Traditionelle irische Musik erreicht ihren höchsten Ausdruck in den Pubs von Galway. Tigh Coilí, Tigh Neachtain und die Crane Bar beherbergen Sessions, die Musiker aus ganz Irland und darüber hinaus anziehen. Ihre spontanen Darbietungen tragen eine Rohheit und Authentizität in sich, die kein Konzertsaal jemals replizieren könnte. Das Galway International Arts Festival im Juli verwandelt die gesamte Stadt in ein Fest der Theater-, Musik- und Bildenden Kunst, während die Galway Races — ein einwöchiges Festival mit Pferderennen, Mode und ungenierter Geselligkeit — bestätigt, dass Galway seine Freuden ernst nimmt. Die Beziehung der Stadt zur irischen Sprache bleibt lebendig, wobei Irisch in der umliegenden Region Connemara und auf den Aran-Inseln natürlich gesprochen wird, was der Region eine kulturelle Tiefe verleiht, die einsprachiges Irland nicht bieten kann.
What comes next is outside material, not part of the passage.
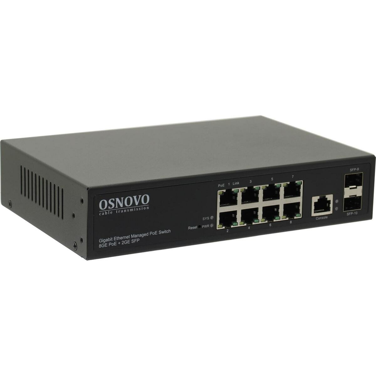 OSNOVO Гигабитный L2 PoE коммутатор на 10 портов, 8 *10/100/1000 Base-T PoE, 2*SFP 1000 Base-T, PoE на порт до 30W, суммарно до 150W 16 276 ₽

Die Landschaft rund um Galway bietet einige der ikonischsten Szenarien Irlands. Die Aran-Inseln – Inis Mór, Inis Meáin und Inis Oírr – bewahren eine Lebensweise, die in der irischen Sprache, traditioneller Landwirtschaft und der spektakulären Steinburg Dún Aonghasa verwurzelt ist, die auf hundert Meter hohen Klippen über dem Atlantik thront. Connemara, das sich nach Westen durch eine Landschaft aus Mooren, Bergen und diamantklaren Seen erstreckt, bietet Fahrten und Wanderungen, die die wilde Schönheit der atlantischen Küste Irlands verkörpern. Die Cliffs of Moher, obwohl technisch gesehen in County Clare gelegen, sind leicht erreichbar und präsentieren eines der dramatischsten Küstenerlebnisse Europas – acht Kilometer steile Klippen, die über zweihundert Meter aus dem brodelnden Atlantik emporragen.
Azamara, Fred Olsen Cruise Lines und Windstar Cruises inkludieren Galway in ihren Routen durch die Britischen Inseln und den Nordatlantik, wobei die Schiffe die Tiefwasserhafenanlagen direkt vor der Stadt nutzen. Die Saison erstreckt sich von Mai bis September, wobei der Sommer die längsten Tage, die Festspielzeit und das beste Wetter für Inselausflüge bietet – obwohl die Verteidiger Galways argumentieren würden, dass die Pubs und Musikszene der Stadt jede Saison gleichermaßen lohnenswert machen. Die Kombination aus urbanem kulturellem Reichtum und der Nähe zu Irlands wildesten Landschaften macht Galway zu einem der vollständigsten Kreuzfahrthafen-Erlebnisse in den Britischen Inseln.